The gnome, whose name was Dagyo, soon realized he had the basis for an entirely new form of transport in his hands, if he could only work out the niggling details. He spent the next three years doing just that. He used his miner’s knowledge of metallurgy to create an alloy that was both light and extremely strong. From his new metal he crafted a structure that looked like a squashed ice cream cone in cross section: a semicircle sitting atop an acute triangle. It was ten meters long and six wide, covered with a stiff doped fabric. Underneath was slung a streamlined control compartment big enough to house four gnomes.

Along the keel of the craft ran a u-channel with fan-shaped burners situated every meter such that the heating would be relatively uniform across the entire length. The interior of the giant bag was coated with a thin but tough metallic foil sandwiched between two sheets of rubberized fabric. As the solid mineral Dagyo had christened ‘aerite’ sublimed under the influence of the battery- powered burners, it expanded into the sealed envelope. When it cooled to liquid state, the aerite ran down the sides and fed back into the trough to be re-heated. The hotter Dagyo made the fires, the lighter his craft would get.

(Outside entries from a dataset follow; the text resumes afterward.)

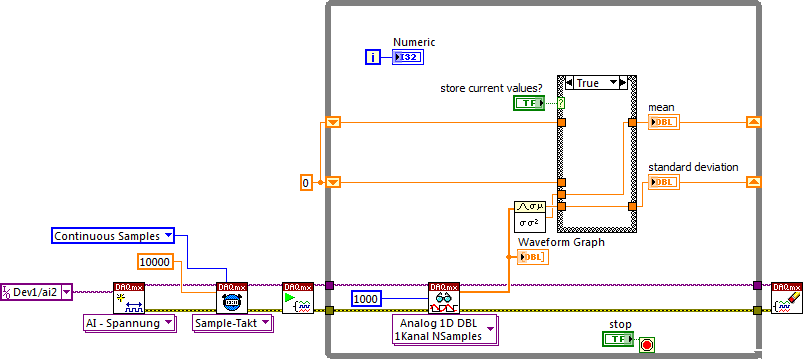Also noch mal Basislinie ist für mich einfach das Signal aus meinem USB-6008 Board ohne dass man an das Board irgendwelche Signalquellen dranmacht. Was meinst du als definition von Basislinie? Jetzt muss ich nur noch irgendwie di aktuelle Spannungswerte mit Mittelwert und standardabw. von Basislinie vergleichen und mit Hilfe einem CASE-Structure ein "peep" geen lassen oder? Aber Wo soll das Case-Structure genau sein?
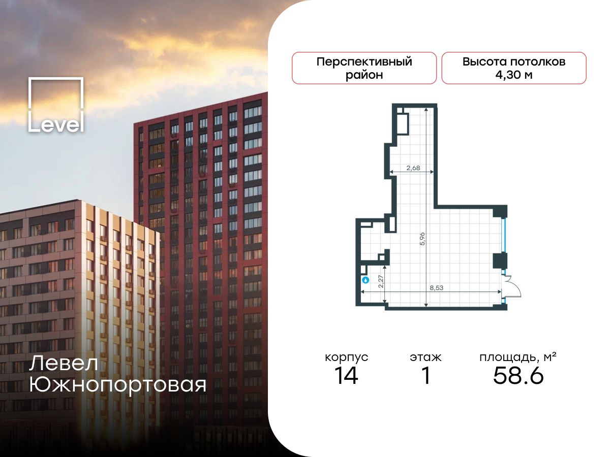 Продаётся помещение свободного назначения площадью 58.6 кв. м. в новостройке Левел Южнопортовая по адресу Москва, ЮВАО, Печатники, жилой комплекс Левел Южнопортовая, 14. Помещение со свободной планировкой. Окна с видом во двор. Высота потолков 5.30 м. Отдельный вход со двора. Стоимость помещения — 42 952 669 руб. Способы оплаты и более подробная информация по телефону.
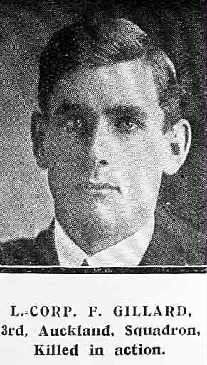 Fredrick Gillard. Fredrick was born on the 9th of August,1891. Fredrick was a volunteer in the South Auckland Cossacks’ in 1913 and served in WW1 as a Lance Corporal with the Auckland Mounted Rifles (13/60). Fredrick died on the 8th of August,1915 at Gallipoli, one day before his 24th birthday.
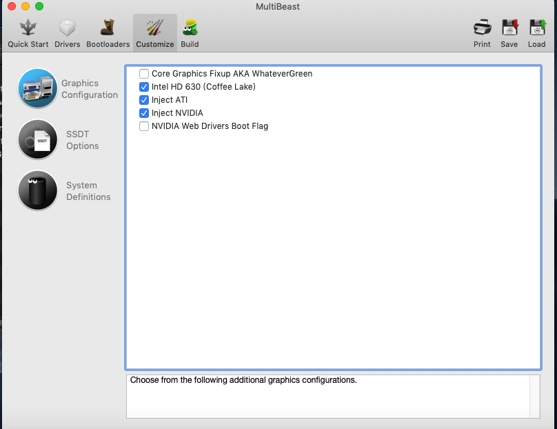 - Graphics Configuration>Intel HD 630 + inject ATI + inject NVIDIA(可以先不要)
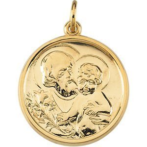 14K Yellow Gold Round Saint Joseph Religious Medal

He added horizontal and vertical planes for navigation and two curious internal fan-driven engines for propulsion, controlling all of that via pulleys and wires from a console at the front of the little passenger car. Dagyo referred to his craft as a
Zifjagga
, which translates from gnomish as ‘flying jellyfish.’ After two months of almost constant practice and refinement, he took his show on the road to drum up funds for further enhancements.

He landed the
Avvolli
gig after one of the line’s executives brought his children to an amusement park where Dagyo had been contracted to do demonstrations to distract those in near-infinite queues for the most popular rides. The executive immediately saw the potential for entertainment, if not transport, and booked Dagyo to bring his contraption aboard the
Avvolli.

The premise of Dagyo’s Zifjagga show was pretty simple: the ship’s owners had installed a large swiveling mooring point on top of a ten-meter mast on the Solare deck. Not only did the Zifjagga moor there, it was attached by a one hundred meter extra-strong tether to a ring welded below the mooring point so that Dagyo could take the AeroPram (as he named it) out and fly it around in circles without worrying about engine failure or jammed controls causing him to become separated from the
Avvolli
in the deep ocean.

The spectacle of a bag full of gas with someone suspended underneath it was quite diverting; the shows always had people lining the decks: some to marvel at the engineering, some to gaze in naked envy at the gnome who was no longer bound to the surface, and a few who secretly or not so secretly just hoped to witness a disaster. One of the latter category was a kobold named Lizgug, who happened to be distantly related to the glider creator in Hividz. He hoped the bag would explode, or maybe break apart. Kobolds are not as a race particularly empathic or charitable, but Lizgug exceeded those already low standards by a considerable margin: he was actively—sometimes even aggressively—unpleasant.